Diabetes is a metabolic condition characterized by inadequate use or production of insulin. Although it's incurable, it is treatable through exercise, foot care, medication, blood-glucose monitoring and blood-pressure, weight and cholesterol control. Accordingly, it's best to avoid oils, which can increase triglyceride and cholesterol levels. Coconut oil is an exception, potentially benefiting those with diabetes.

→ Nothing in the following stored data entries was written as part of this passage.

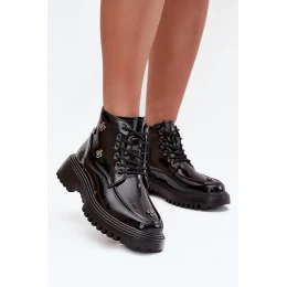 Skórzane Ocieplane Botki Damskie Z Ozdobami Lakierowane Artiker 57C0345 Czarne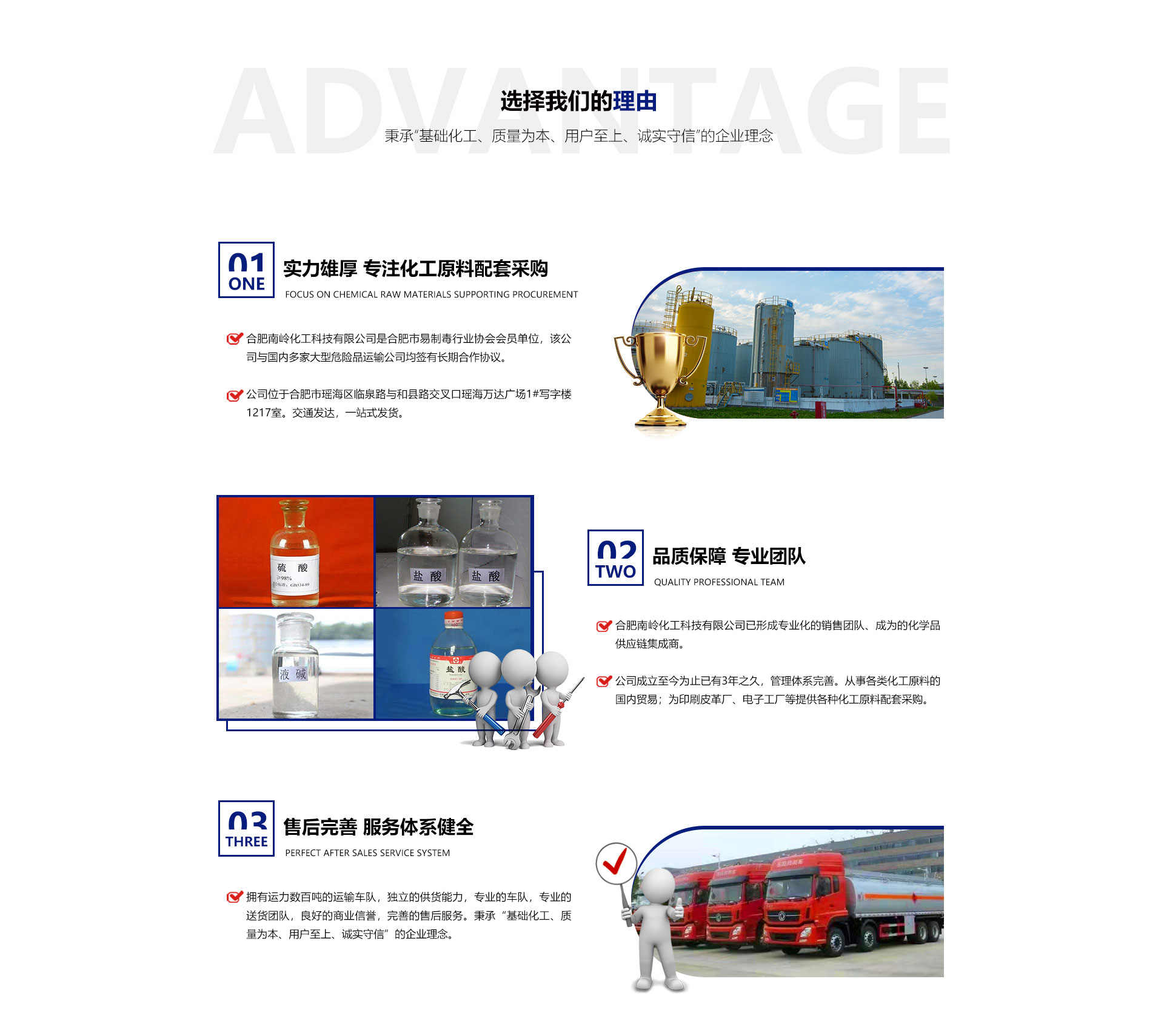 合肥南嶺化工科技有限公司是合肥市易制毒行業(yè)協(xié)會(huì)會(huì)員單位,該公司與國(guó)內(nèi)多家大型危險(xiǎn)品運(yùn)輸公司均簽有長(zhǎng)期合作協(xié)議,擁有運(yùn)力數(shù)百噸的運(yùn)輸車隊(duì),獨(dú)立的供貨能力,良好的車隊(duì)運(yùn)輸,有效的送貨團(tuán)隊(duì),良好的商業(yè)信譽(yù),完善的售后服務(wù)。秉承“基礎(chǔ)化工、質(zhì)量為本、用戶至上、誠(chéng)實(shí)守信”的企業(yè)理念。從事各類化工原料的國(guó)內(nèi)貿(mào)易;為各個(gè)化工廠、印刷皮革廠、電子工廠等提供各種化工原料配套采購(gòu)。目前,公司正朝著以貿(mào)易為基礎(chǔ)、以實(shí)業(yè)為依托,采購(gòu)、銷售,內(nèi)外貿(mào)一體化,上下游一體化,具有綜合增值能力和復(fù)合競(jìng)爭(zhēng)能力化工原料供應(yīng)商。本公司主要經(jīng)營(yíng)的產(chǎn)品有:鹽酸、硫酸、液堿、片堿等。合肥南嶺化工科技有限公司已形成服務(wù),售后一體化的團(tuán)隊(duì)、成為的化學(xué)品供應(yīng)鏈集成商。為客戶提供良好的服務(wù)及產(chǎn)品,本公司經(jīng)銷的各種產(chǎn)品不僅在安徽地區(qū)深受用戶好評(píng),而且具有很高的市場(chǎng)占有率,產(chǎn)品行銷各個(gè)地區(qū)。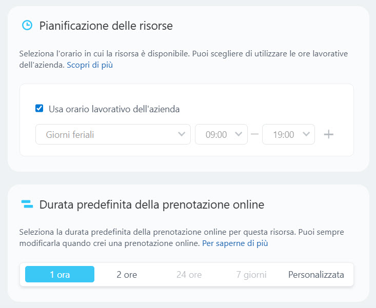 Configura l'orario di lavoro e specifica quando la risorsa sarà disponibile per la prenotazione. Utilizza l'orario di lavoro della tua azienda o imposta un programma personalizzato. Le impostazioni ti consentono di definire in modo flessibile la disponibilità per qualsiasi giorno della settimana.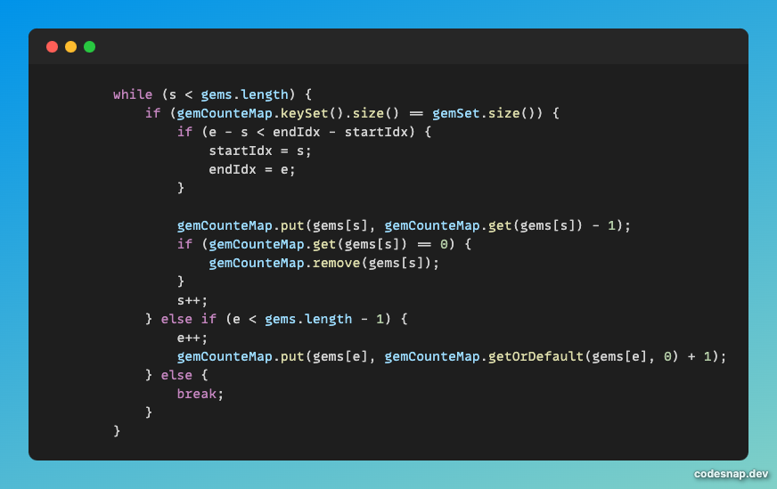 s가 gems 배열의 끝에 도달하기 전까지 반복을 한다.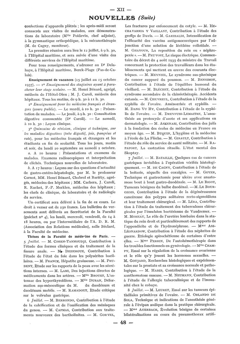 1937, n° 106, partie paramédicale. -

Cellular Absorption of Energy
Insulin is an enzyme you need to absorb energy from carbohydrates. When you eat carbohydrates, your body converts them to glucose. Once glucose enters the bloodstream, your pancreas releases insulin, which signals cells to absorb the glucose. The cells release another enzyme, carnitine tranferase, which allows the glucose to enter the mitochondria, which are the cell engines. The glucose fuels the mitochondria, thereby fueling the cells. Some metabolic conditions cause insulin resistance, whereby cells do not respond to insulin normally, so their glucose absorption is inadequate or nonexistent.
Medium-Chain Fatty Acids
Coconut oil contains medium-chain fatty acids, instead of long-chain fatty acids found in most other saturated fats. Medium-chain fatty acids are small enough to permeate both cell and mitochondrial membranes, Bruce Fife writes in "The Coconut Oil Miracle." Therefore, it requires no insulin release, which is usually necessary for cell absorption. Neither does it require carnitine transferase, which is usually essential for entry into the mitochondria. In other words, coconut oil is a source of fast-absorbing fuel that is very low on the glycemic index, which is optimal for those with diabetes.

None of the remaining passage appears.